Yazmayı mümkün mertebe önemsiyorum. Büyük ölçüde kendime fonksiyonel fayda yarattığım bir alan. Zaman zaman yaşadıklarımdan referans alarak yola çıkıyorum, zaman zaman da yaşamaktan kaçındıklarımdan…Ama öyle veya böyle, benden çıkan cümlelerle kendimi tanımaya bir nebze daha yaklaşıyorum. Elinde çekiç olan her şeyi vida görür misali, kalem tutmayı tercih edenlere de bu gözle bakıyorum. Yansıtmaya yeltendiklerinden ziyade, satırlarına yansıyanı bulmaya gayret ediyorum… Kendiliğinden, öylece olan hallerini… Keza sohbetler de böyle değil midir ? Konuşmayı çok sevsem de, yeni birini tanımak, bana dinlemeyi önceliklendiriyor. Sorularımla, daha derinden bir anlatım gerçekleşmesine imkan yaratmayı seviyorum.
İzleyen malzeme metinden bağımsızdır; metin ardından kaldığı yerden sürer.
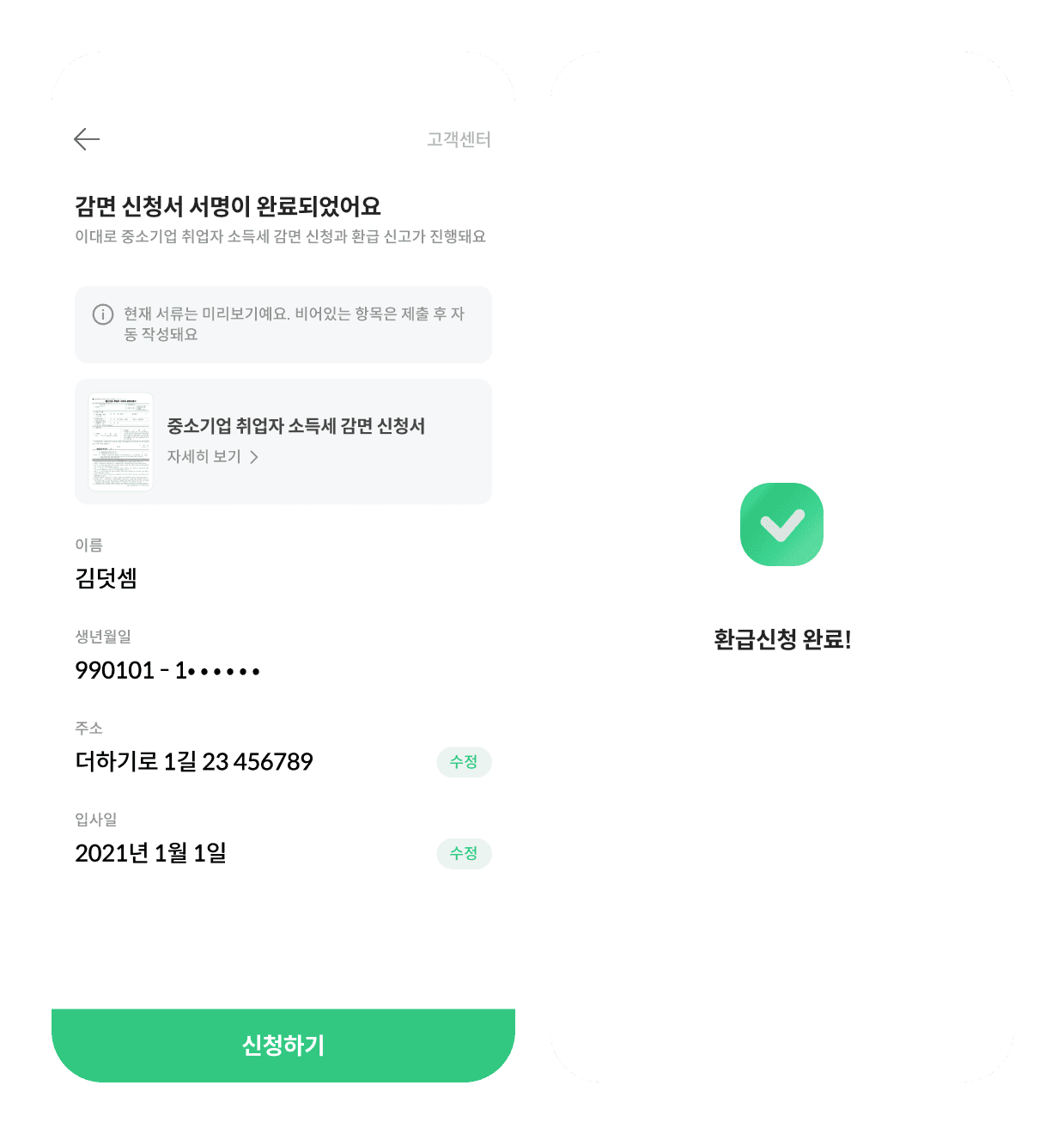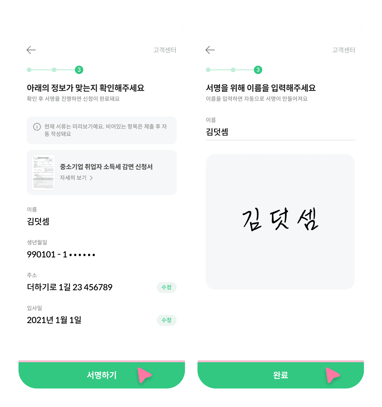 작성한 정보가 맞는지 확인 후 [서명하기] 클릭 → 서명을 위해 이름을 입력하고 [완료] 클릭

Geçtimiz günlerde Zülfü Livaneli, köşesinde, insan ilişkilerine değiniyordu. Kelime, kelime saptamış olduğu dinamiklerle, verilmek isteneni, doğru oturtmaya çalışıyordum. İnsanı, kurduğu ilişkileriyle sınıflandırıyordu Livaneli... Ve de bunu fevkalade yapıyordu… Kıssadan hisse, insanın değerinin insan oluşundan geldiğini vurguluyor ve insan-i kırılımlarımızın detaylarına doğru bizlere düşünme zemini yaratıyordu. Bir kaç okumanın sonrasında, insan olmanın altını bizler nasıl dolduruyoruz, sorusu zihnimde yerini buldu. Elbette ki yapılacak onca tespit vardı ancak kendimce; şu beşer şaşar olma halimize çok da sırtımızı yaslamamak gerektiğini düşünüyorum. Sahte prensipler yaratıp, bu prensiplerini karşılayan sahte maskeler üzerinden bir zamir yaratmak ve bunu devam ettirmek, bizleri ilişkiler penceresinden baktığımızda, sınıfta bırakıyor olacaktır. Gerçek tanımızı gözden geçirmemiz gerektiğine inanıyorum. Bazen öyle yoldan sapıyoruz ki biz bile kendi yalanlarımıza inanır oluyoruz. Dürüstçe ama önce kendimize dürüstçe yaklaşarak yaşam döngülerimize dahil ettiğimiz nedenlerimizin sonuçlarını bu kaide ile göğüslemek ve sahiplenmek ‘ben’ olabilmenin temelini oluşturuyor. Her ne kadar çıplaklık, sert gelse de yaşanmış olmasıyla bir katma değer doğuruyor. En acı gerçeği, en tatlı palavraya tercih ediyorum.
İbni Haldun’un tabiriyle; kabile asaletinin gölgesinde kendine yer, yön bulanları bir yere kadar anlayabiliyorum ancak bir yerden sonra bireyin kendini gerçekleştirebildiği bir yolculukta, kendi asıl kimliğini yaşatabilmesi ve taşıyabilmesi gerekiyor.
Aksi, koca bir yoksunluk. Ne kötü ki özellikle de kendini eğitimli, entellektüel olarak resmeden kimselerin benlikleriyle arasındaki mesafe gittikçe genişliyor. Zamanın ruhuyla lupenleşen zamane modernizmi…Görünen ile görünmeyen arasındaki pergel açıldıkça, insan kendinden ayrı düşüyor. Belki kendini bulamayışın verdiği bir gaflet ile yalana sarılıyor belki de uzakta tuttuğu özüyle yalansız bir araya gelemiyor.
Bütün bu zihinsel jimnastiğin üzerine, oyunu bir hatırlayalım. Doğruluk mu, cesaret mi, diye soracak olursak, zannediyorum yaşanmışlıklarla beraber, cesaret cevabını vermek giderek zorlaşıyor. Çünkü biliriz. Cesaretli olana muamele farklıdır. Cesur olan, cesurluğuyla, çevresindeki cesur olamayanları işaret eder. Bu etiketlemeye rağmen cesareti seçenlerimiz beraberinde de doğruluğu seçtiğini biliyorlar mı, bilmiyorum ama bugünün şartlarında, doğruları konuşmak en büyük cesaret örneği olmalı diye düşünüyorum. Şarkıda da dediği gibi; ben böyleyim, bir an bile vazgeçmedim kendi yolumdan!
Kendi yolumuzda, kendi seçimlerimizle ilerleyebilmek dileğiyle.